BEGIN Supplied data

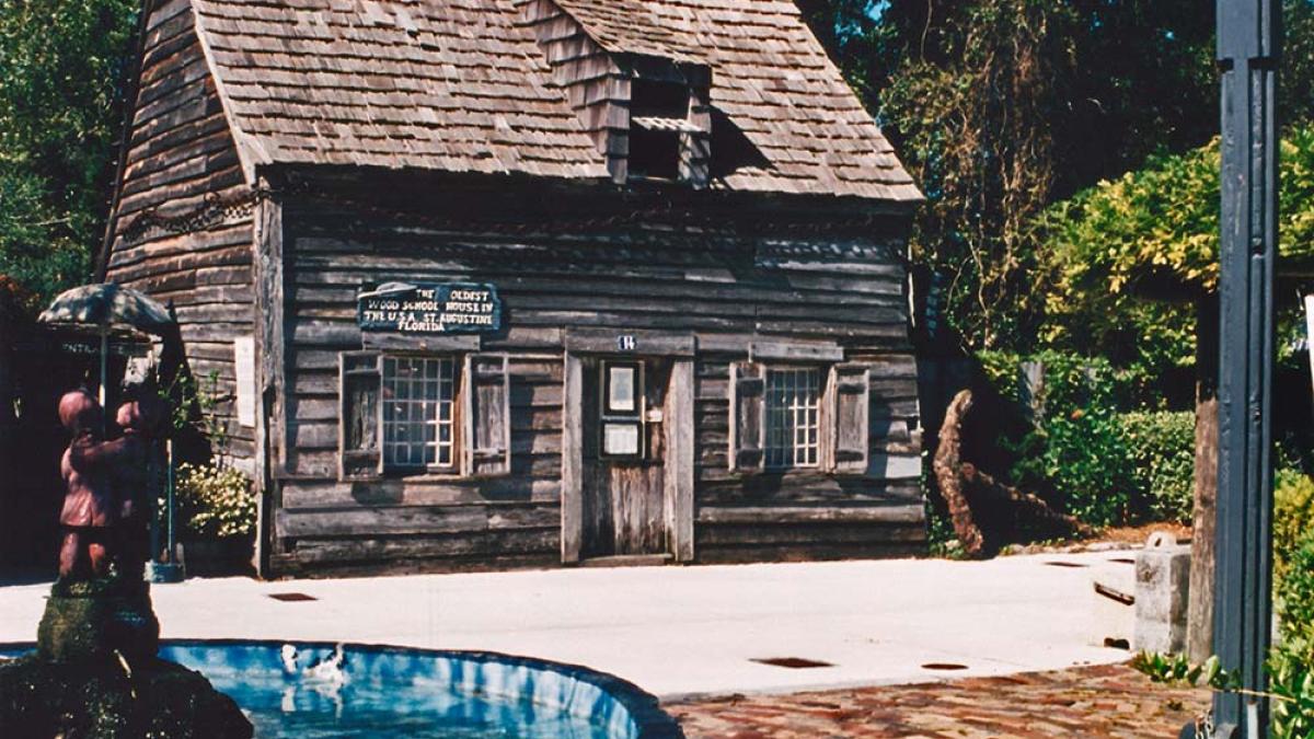 No wooden structures in St. Augustine built prior to the year 1702 still stand because the British burned Spanish St. Augustine to the ground in that year. Tax records indicate that the wooden school house was present in 1716 and was built for the Genoply family. Located in the "Minorcan Quarter," the original structure was a one-room, single-story building with a detached kitchen where food was made for the family to eat. Kitchens were commonly detached in those times to keep the house cool during the hot summer months and to prevent a fire that started in the kitchen from spreading to the house. A privy with a privacy wall was also kept away from the house, and so was the well. The house's exterior was made out of bald cypress and red cedar logs bound together by wood pins and iron spikes, all made by hand.
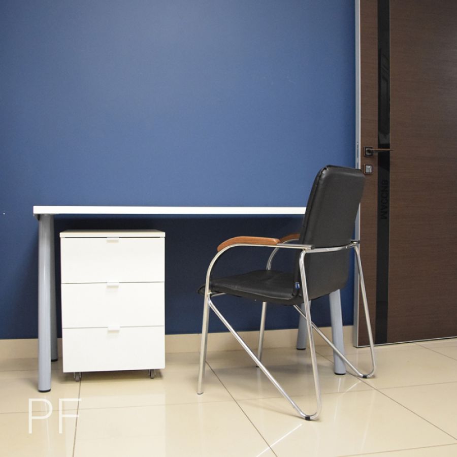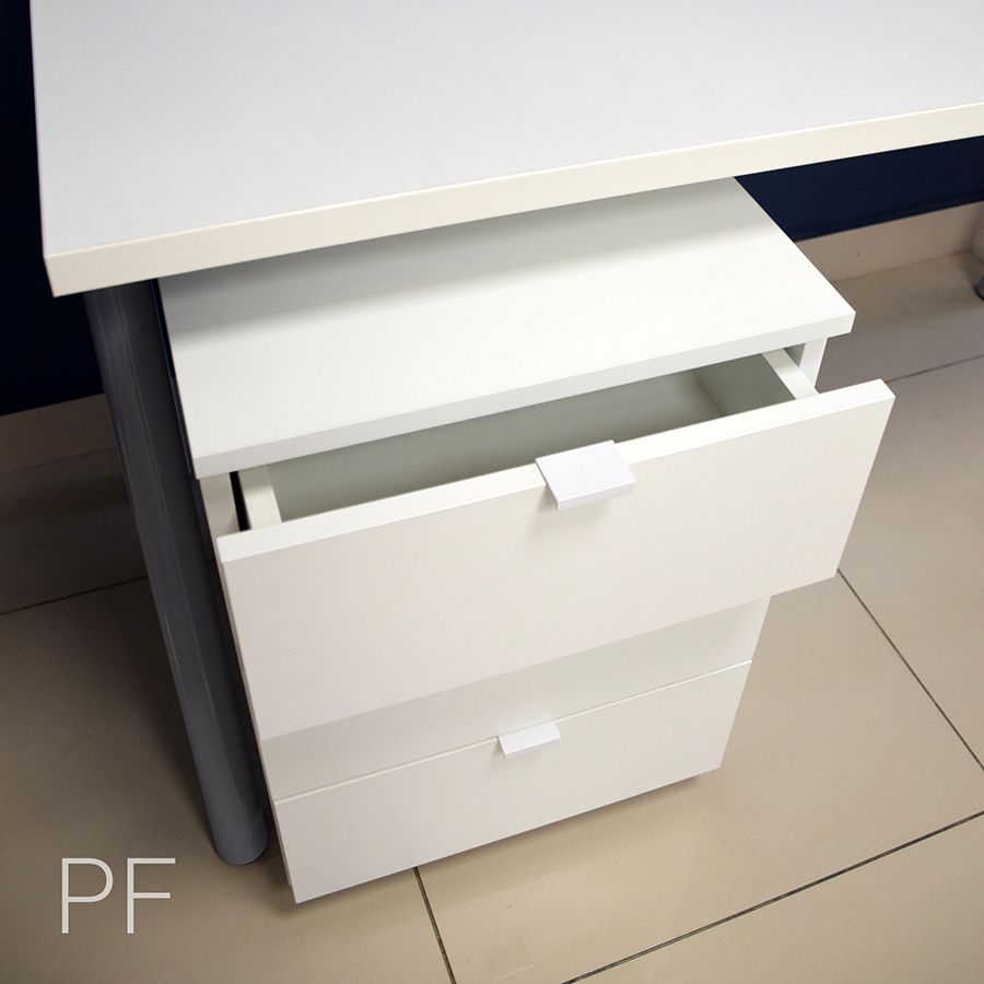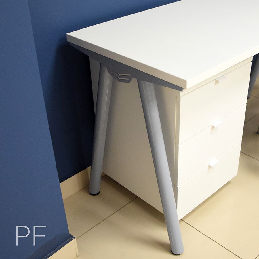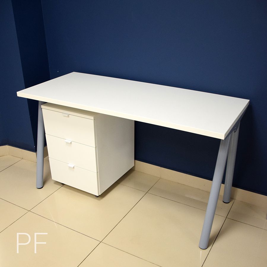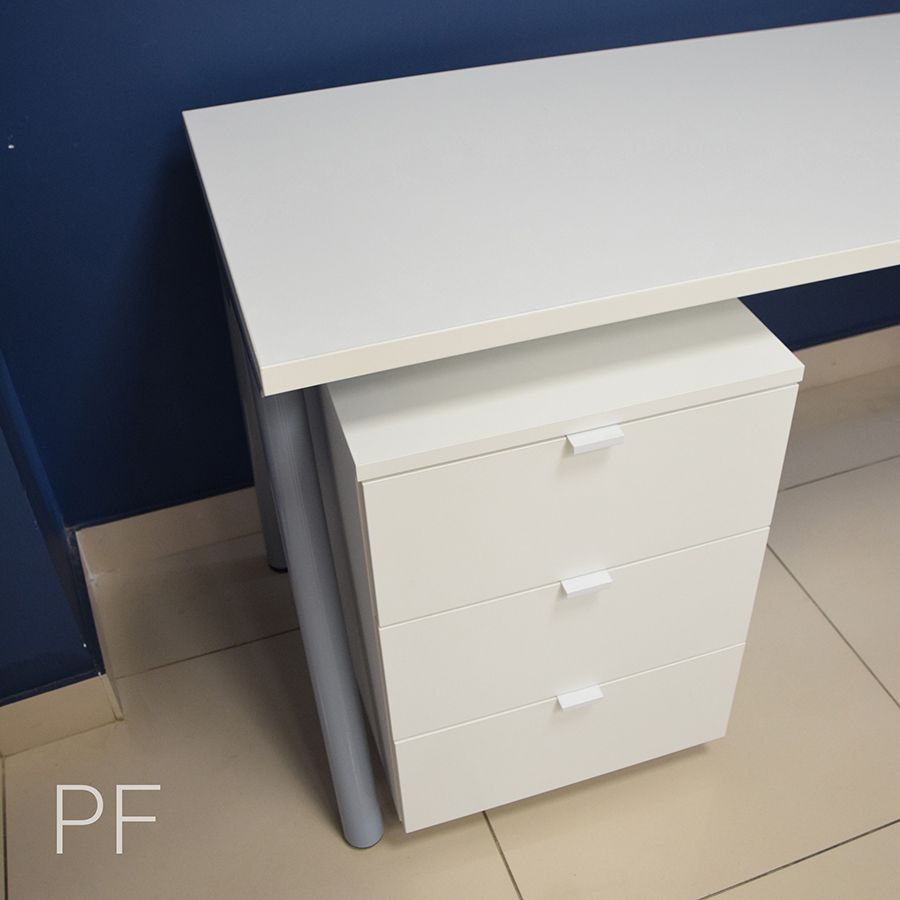 Письменный стол из лДСП с подкатной тумбой. Лаконичный дизайн, идеально выверенные пропорции, максимально удобные для пользователя габариты, опоры оригинальной формы и идеально белый премиальный декор лДСП позволяют использовать эту модель стола для создания комфортного рабочего пространства в кабинете, детской, гостиной или офисе.
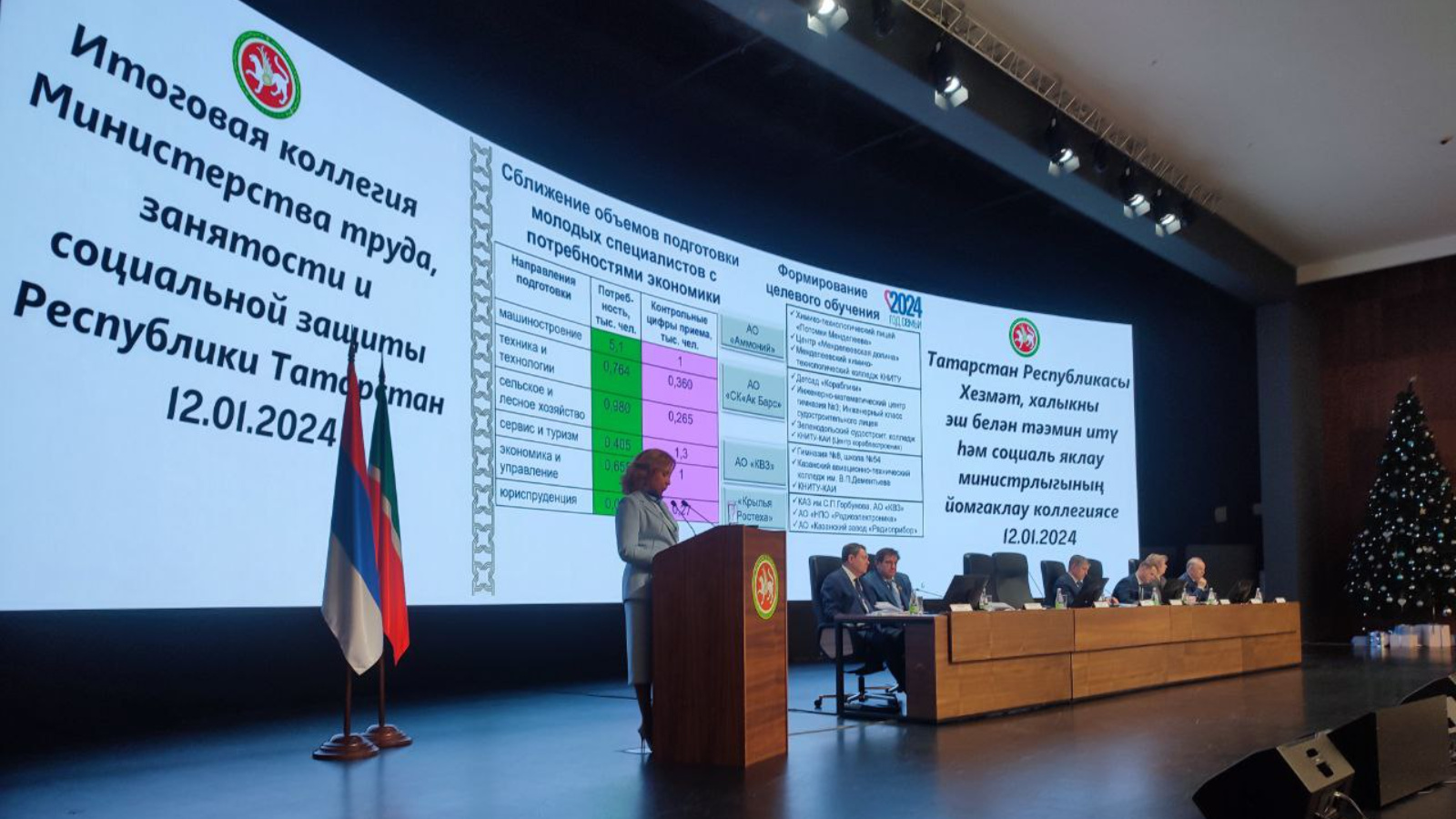 12 января 2024 года в IT-парке им. Б. Рамеева состоялось заседание итоговой коллегии Министерства труда, занятости и социальной защиты РТ на тему: «Труд, занятость и социальная защита: итоги 2023 года и задачи на 2024 год». В мероприятии приняли участие Главный федеральный инспектор по РТ Виктор Демидов, заместитель Председателя Государственного Совета РТ Юрий Камалтынов, первый заместитель Премьер-министра РТ Рустам Нигматуллин, председатель Ассоциации «Совет муниципальных образований Республики Татарстан» Экзам Губайдуллин и другие.

END Supplied data

The listing above is to be retyped word for word, with the pictures omitted.

**Answer box:**
 No wooden structures in St. Augustine built prior to the year 1702 still stand because the British burned Spanish St. Augustine to the ground in that year. Tax records indicate that the wooden school house was present in 1716 and was built for the Genoply family. Located in the "Minorcan Quarter," the original structure was a one-room, single-story building with a detached kitchen where food was made for the family to eat. Kitchens were commonly detached in those times to keep the house cool during the hot summer months and to prevent a fire that started in the kitchen from spreading to the house. A privy with a privacy wall was also kept away from the house, and so was the well. The house's exterior was made out of bald cypress and red cedar logs bound together by wood pins and iron spikes, all made by hand.
 Письменный стол из лДСП с подкатной тумбой. Лаконичный дизайн, идеально выверенные пропорции, максимально удобные для пользователя габариты, опоры оригинальной формы и идеально белый премиальный декор лДСП позволяют использовать эту модель стола для создания комфортного рабочего пространства в кабинете, детской, гостиной или офисе.
 12 января 2024 года в IT-парке им. Б. Рамеева состоялось заседание итоговой коллегии Министерства труда, занятости и социальной защиты РТ на тему: «Труд, занятость и социальная защита: итоги 2023 года и задачи на 2024 год». В мероприятии приняли участие Главный федеральный инспектор по РТ Виктор Демидов, заместитель Председателя Государственного Совета РТ Юрий Камалтынов, первый заместитель Премьер-министра РТ Рустам Нигматуллин, председатель Ассоциации «Совет муниципальных образований Республики Татарстан» Экзам Губайдуллин и другие.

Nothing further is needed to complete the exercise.